I write this column in the days following the conclusion of our now-annual National Practice Conference in Washington, DC. As you likely know, we and our partners at The Trust have now run three conferences, each of which focuses exclusively on the needs of the practicing health service psychologist. Without being too self-congratulatory, I truly believe each one is getting better and better. I’d like to share some highlights from the weekend for the sessions I personally attended.
When Jana Martin and I started planning for these conferences we sought to provide an educational experience that directly spoke to the requirements of practicing psychologists: clinical risk management and critical decision-making skills when working with unique sets of patients. This year, the risk management component of the conference started with a three-hour preconference workshop hosted by Drs. Marc Martinez, Julie Jacobs, and Leisl Bryant, who followed this presentation with a three-hour ethics and risk management roundtable during the conference itself. It is unusual, if not unique, to be able to bring keen interest to a topic such as a subpoena duces tecum, but our presenters managed to do this. Any psychologist faced with testifying or being deposed should refer to the material they discuss.
Our Friday morning keynote was provided by Dr. Miriam Delphin-Rittmon, the Assistant Secretary for Mental Health and Substance Use in the U.S. Department of Health and Human Services, the highest ranking psychologist in the Federal Government. The scope of the involvement of psychology at the national level as outlined by Dr. Delphin-Rittmon is nothing short of extraordinary. From dealing with long COVID, to our growing substance use problems, to working with those affected by war in Ukraine, psychology is represented in myriad ways throughout the federal sector. To have the profession represented at this level of government is extraordinary and speaks to the potency of our interventions.
Dr. Cesar Gonzalez of the Mayo Clinic focused his presentation on the management of transgender and gender-questioning patients. The data he presented on the numbers of transgendered individuals in the US was astonishing and speaks to the need for all clinicians to become at least broadly familiar with issues commonly experienced in this population. While the audience was at least to some extent self-selecting, it was eye-opening to understand that every participant in the seminar had treated transgendered or gender-diverse individuals.
Dr. John Norcross provided us with a brilliant presentation on matching patient preferences as the key factor in determining successful outcome of psychotherapy. The importance of assessing patient preferences not only at the inception of treatment but periodically throughout therapy cannot be understated. While John cautioned that it is not entirely true that the type of therapy provided is subservient to patient preference (there are, after all, specific psychotherapies for specific problems, which qualifies, but doesn’t disprove, the Dodo Bird hypothesis), unless there is a sufficient acknowledgement of patient preferences, treatment will not succeed. John’s well-standardized instrument, the Cooper-Norcross Inventory of Preferences, really is emerging as the gold standard for optimizing therapeutic outcome.
As our conference opened on Veteran’s Day, we were honored to have Dr. Tamara Campbell, who is the Executive Director of the Veteran’s Healthcare Administration Office of Mental Health and Suicide Prevention. Dr. Campbell, a psychologist trained at Wright State University who later completed training as a psychiatrist, spoke to the ongoing need to renew our focus on an issue that claims the lives of scores of veterans on a daily basis and outlined the ongoing response of the VHA to this pernicious issue.
Dr. Beth Darnall of Stanford University School of Medicine provided a tour-de-force overview of her attempts to realign medical approaches to pain control. Focusing on the fact that binary thinking (medication or no medication) regarding pain management does not serve patients well, Beth provided compelling evidence that a brief psychological intervention of 2 hours duration called Empowered Relief can both lessen the experience of pain, be it chronic or post-operative, and reduce the demand for opiate analgesics.
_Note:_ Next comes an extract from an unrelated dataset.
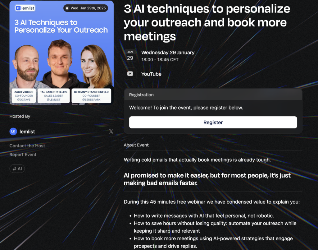 Each webinar has its lead capture page with a registration form that gives visitors a very clear overview of what the webinar will cover and what they will learn by the end of it.

Our keynote closing talk was delivered by Dr. Thema Bryant, incoming President of the American Psychological Association. An eloquent and inspiring blend of passion and precision, Dr. Bryant spoke to the universality of trauma and the requirement to understand trauma from diverse perspectives. She reminded us of the ongoing lack of specific coursework in trauma. How can we treat this near-universal phenomenon without a solid grounding in our graduate education?
Again, I couldn’t be everywhere during the conference, so there are many excellent presenters whose sessions I had to miss, but I thank them all: Dr. Ray DiGiuseppe for his preconference workshop on assessment and treatment of anger, Drs. Mary Alvord and Mi-Young Ryee for their session on engaging teens via telepsychology, Dr. Ryan DeLapp for his presentation on assessment of racial stress in Black adolescents, and Dr. Kerry Schwanz for her session on the vital topic of compassion fatigue among psychologists. I am grateful to all of them for taking the time to share their expertise in such an engaging and clinically pertinent way.
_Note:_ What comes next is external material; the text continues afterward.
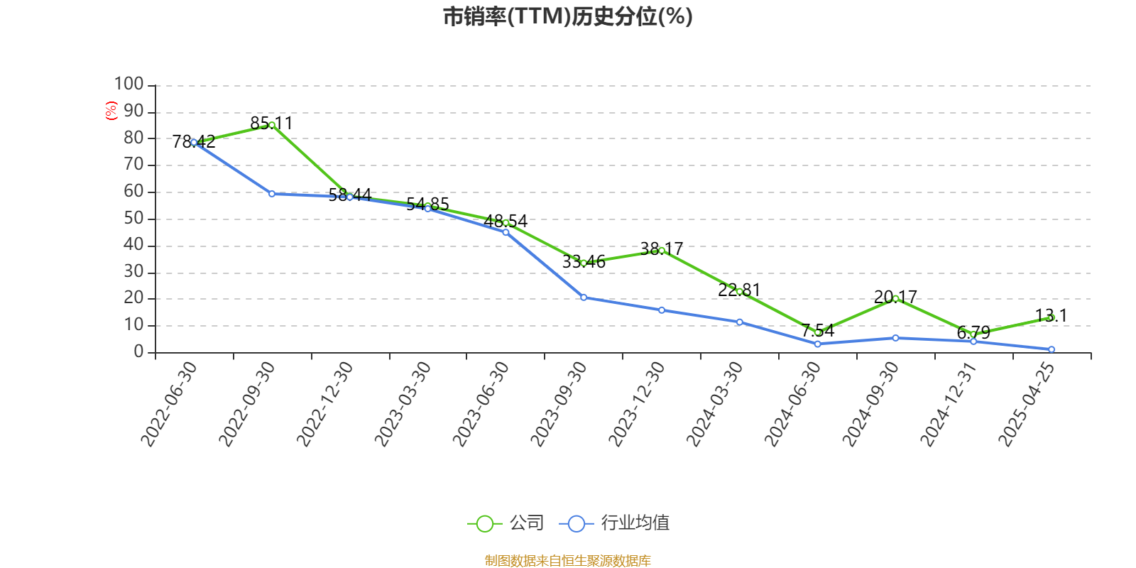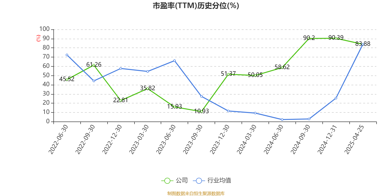 以4月25日收盘价计算,联泓新科目前市盈率(TTM)约为74.07倍,市净率(LF)约2.58倍,市销率(TTM)约2.98倍。

The National Practice Conference continues to grow. A reflection of the commitment that The Trust and the National Register have made to providing excellence in clinical risk management and decision-making, I hope that it will continue to be the most valuable conference health service psychologists can attend in any single year. If I saw you last weekend, thanks for attending, and if I missed you, I hope you’ll consider NPC 2023!